When I started at Tech back in 2015, we used an online learning management system called T-Square. It was the platform we used for all of our courses, and it included things like our assignments, grades, resources, and instructor announcements. T-Square was built in the early-2000s, and it looks the part. The mobile site is a particularly bad offender, with no visual styling to speak of. After dealing with it for my first two weeks of class, I decided I wanted to try and do something about it.

Creating T-Squared

I spent the majority of my first semester working on T-Squared, a native iOS client for the T-Square platform.

T-Square doesn’t have an official API, so T-Squared fetched all of its content by scraping the platform’s mobile site. The app included all of the important information you’d expect — assignments, resources, and grades for all of your classes — but I also got to build some interesting features that didn’t exist on T-Square itself. One of its biggest killer features was that it would calculate your total grade in a class (T-Square didn’t do that for some reason, even though it had all of the data on-hand). It also let you add grade predictions so you could see how they would affect your overall course grade (a “what if” calculator).

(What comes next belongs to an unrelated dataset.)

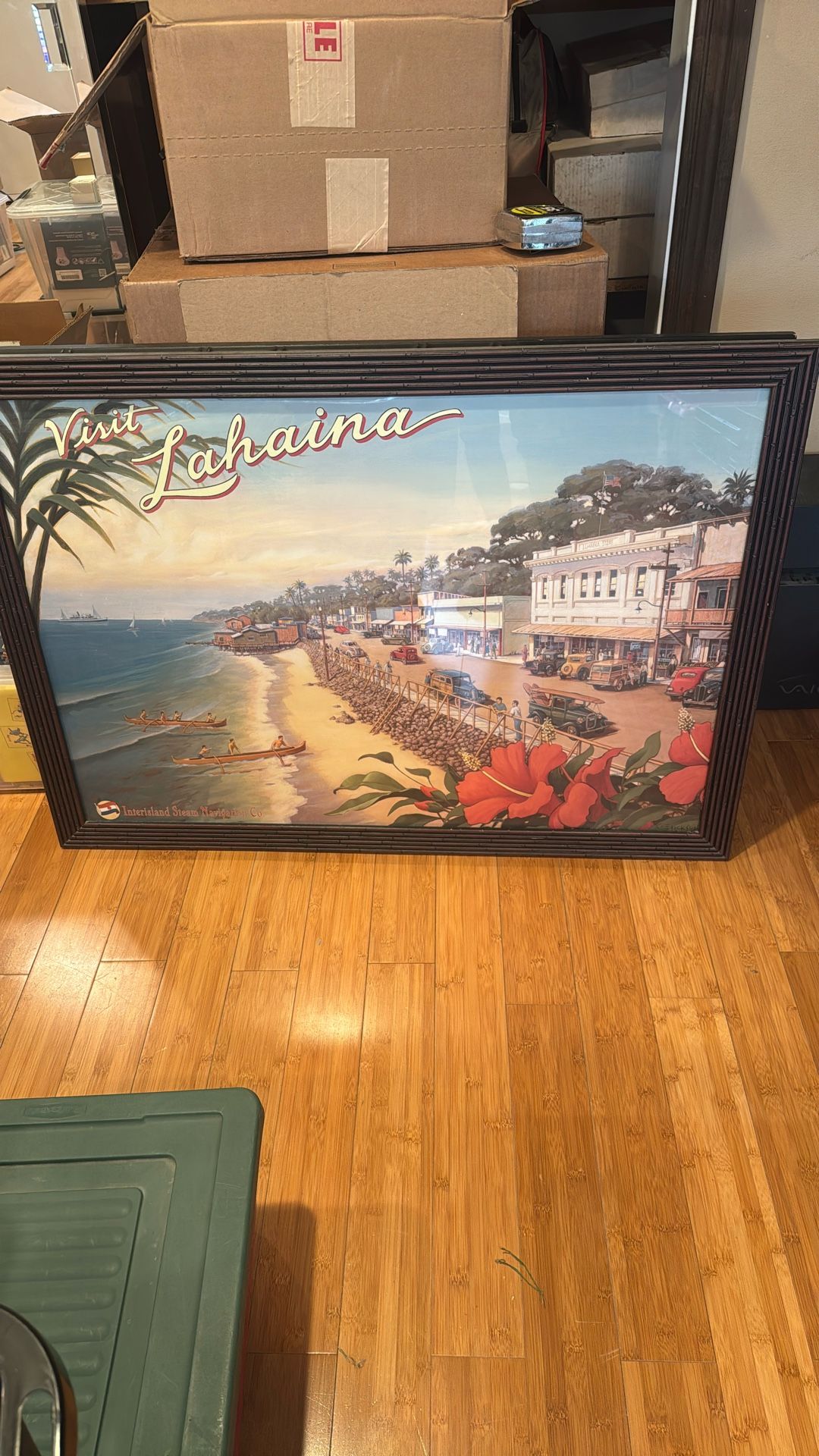 40w x 30 h wall hanging poster of Lahaina Hawai’i with wood bamboo frame

Over the course of its lifetime, T-Square was downloaded over 12,000 times and used by students over 2,000,000 times! Back when it was in its prime, it wasn’t uncommon to see people using it a few rows up in big lecture halls.

Phasing Out T-Square

But T-Square was evantually replaced with a new system called Canvas, and it was phased out completely after the Fall 2018 semester. I finally got around to de-listing T-Squared while I was writing this post (April 2019). It was a very important part of my early college life, so I’m definitely sad to see it go. Thanks for the memories!